Supplied entries:
——————————

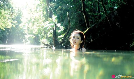 All Gravure: Neo Asian babe in white dress loves feeling her body in water
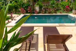 Espaço lounge, piscina e jardim compartilhados com demais hóspedes.
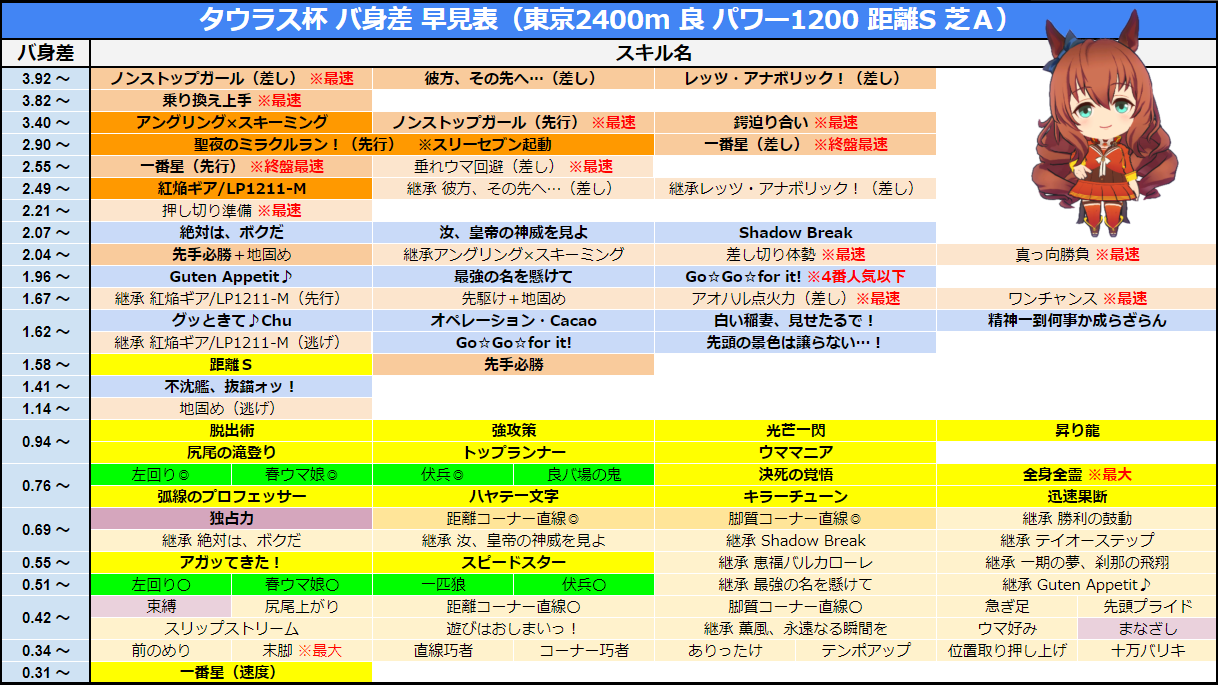 そうでちゅねー、絵(え)で見(み)たとおもいまちゅけど、tire表……タウラスおすすめキャラとかがいいんじゃないでちゅかねー?
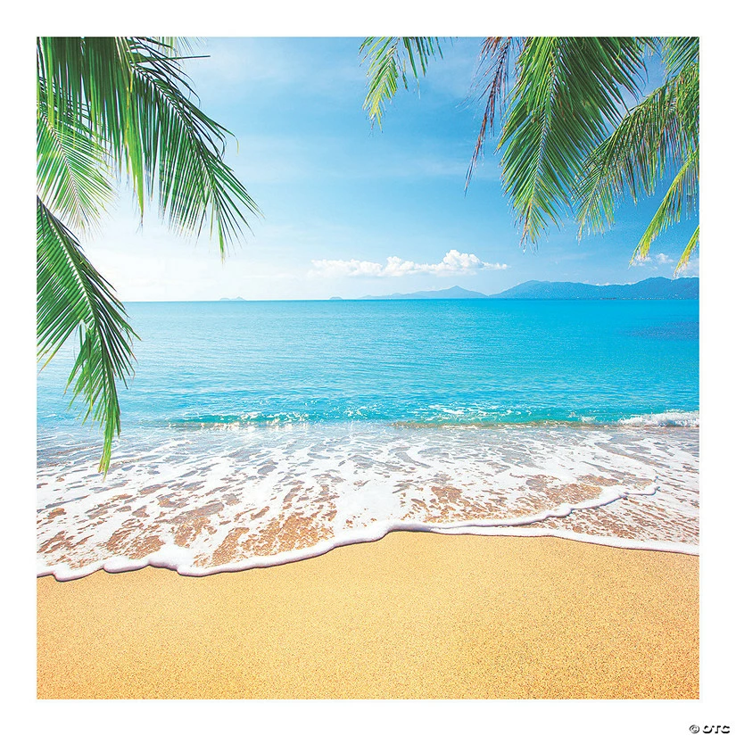Set the scene for some tropical vibes with this Beach Backdrop Banner! Featuring palm trees on a bright, sandy beach with the waves rolling through, it’s a must-have addition to your party decorations! You can use it as a backdrop to your DIY photo booth, too. Plastic. 6 ft. x 6 ft. © OTC
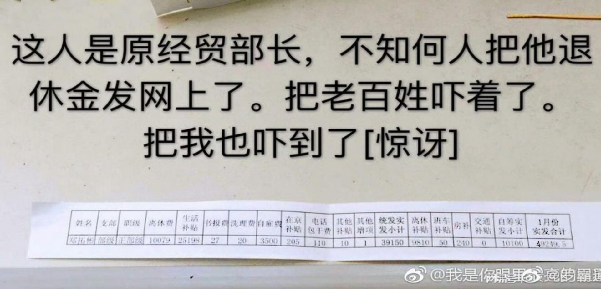 当普通老人为了几百元养老金发愁时,部级离休金近五万的数字,确实——把百姓吓着了。
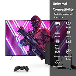 Senetem Cat 7 Ethernet Cable offers performance of up to 600MHz and data speed up to 10Gbps per second; guarantees high-speed data transfer for server applications, cloud computing, and HD video streaming. Made of 4 shielded twisted pairs (STP) of copper wire with gold plated contact pins in each RJ45 Connector. This provides great resistance to crosstalk, noise, and interference. Senetem high-speed Cat7 Ethernet cable works well with all RJ45 connector devices. Compatible with iMac Pro, PS3, PS4, PS4 Pro, Raspberry Pi 4, Router, WiFi extender, Switch, Smart TV, Xbox, Xbox One, Sky Q box, video game consoles, TV decoder, BT Smart Hub, Virgin modem, Patch Panel, PCs, Network printers, media players, TV box, NAS, VoIP phones, etc. Flat cable design is more convenient for installation and use.You can easily and seamlessly make the cable run along walls, follow edges&corners or even make it completely invisible by sliding it under a carpet. Senetem Ethernet cable is backed with 18 months worry-free warranty and professional customer support.
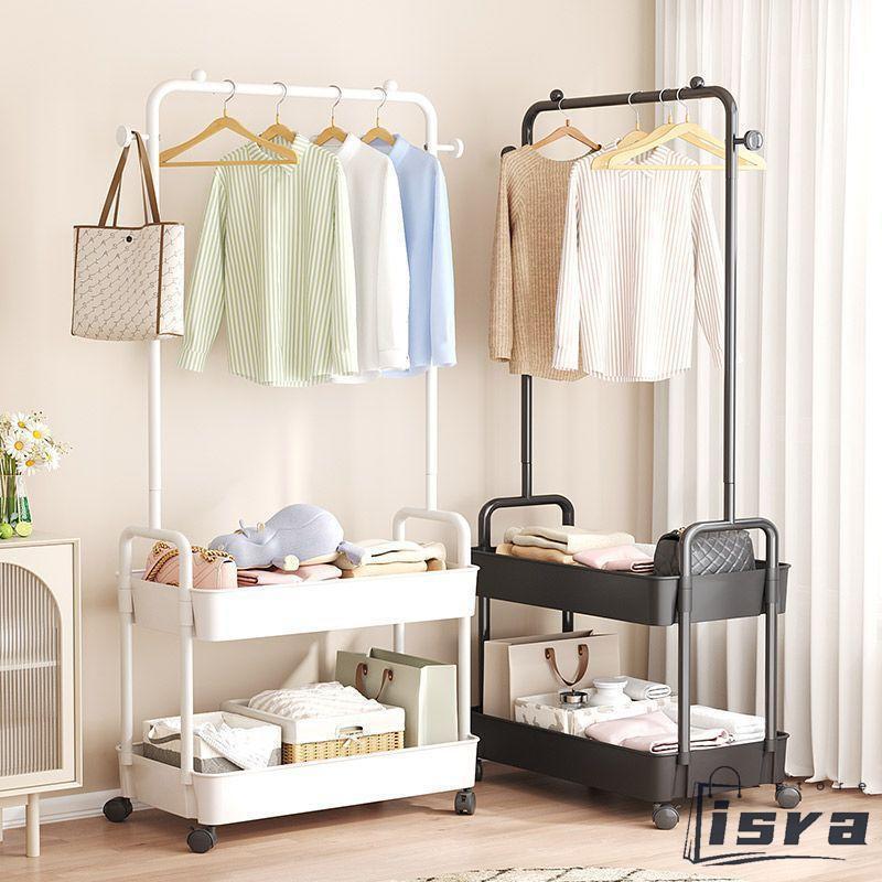 ■スリム キャスター付き コートハンガー ハンガーラック バスケットトローリー ハンガーラック 北欧 幅42cm ワードローブ 組立簡単 パイプ
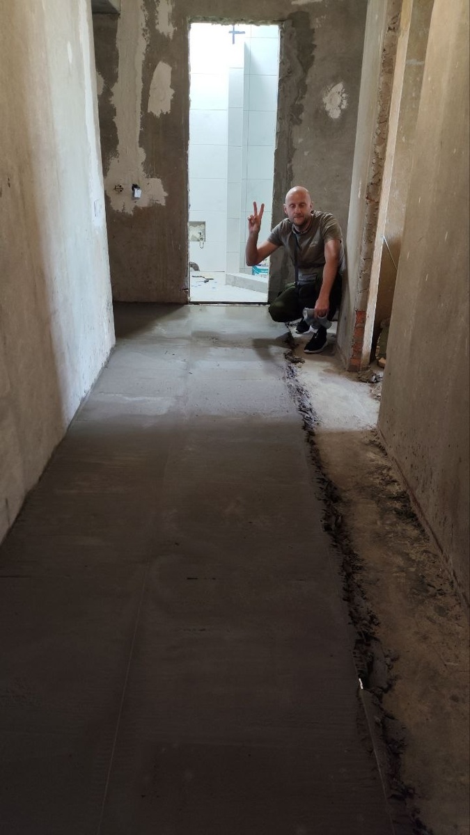 Ну вот и всё! Завтра заканчивают заливать стяжку. И у нас будет передышка. Плитка куплена, но надо теперь просохнуть полу.
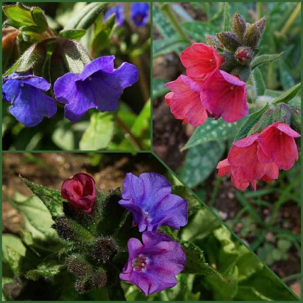 斑点の入った葉に赤系の花のコーラルスプリング、シルバーリーフに紫~ピンクの花のマジェスティ、ブルー系の花のブルーエンサイン。常緑の明るい葉も変化する花の色も楽しめる大好きなお花🌿

——————————

Exercise goal: Print nothing except the lines from the one with "Ну вот и всё!" through the last line of the listing, exactly as written and with pictures removed.

Response for this exercise:
 Ну вот и всё! Завтра заканчивают заливать стяжку. И у нас будет передышка. Плитка куплена, но надо теперь просохнуть полу.
 斑点の入った葉に赤系の花のコーラルスプリング、シルバーリーフに紫~ピンクの花のマジェスティ、ブルー系の花のブルーエンサイン。常緑の明るい葉も変化する花の色も楽しめる大好きなお花🌿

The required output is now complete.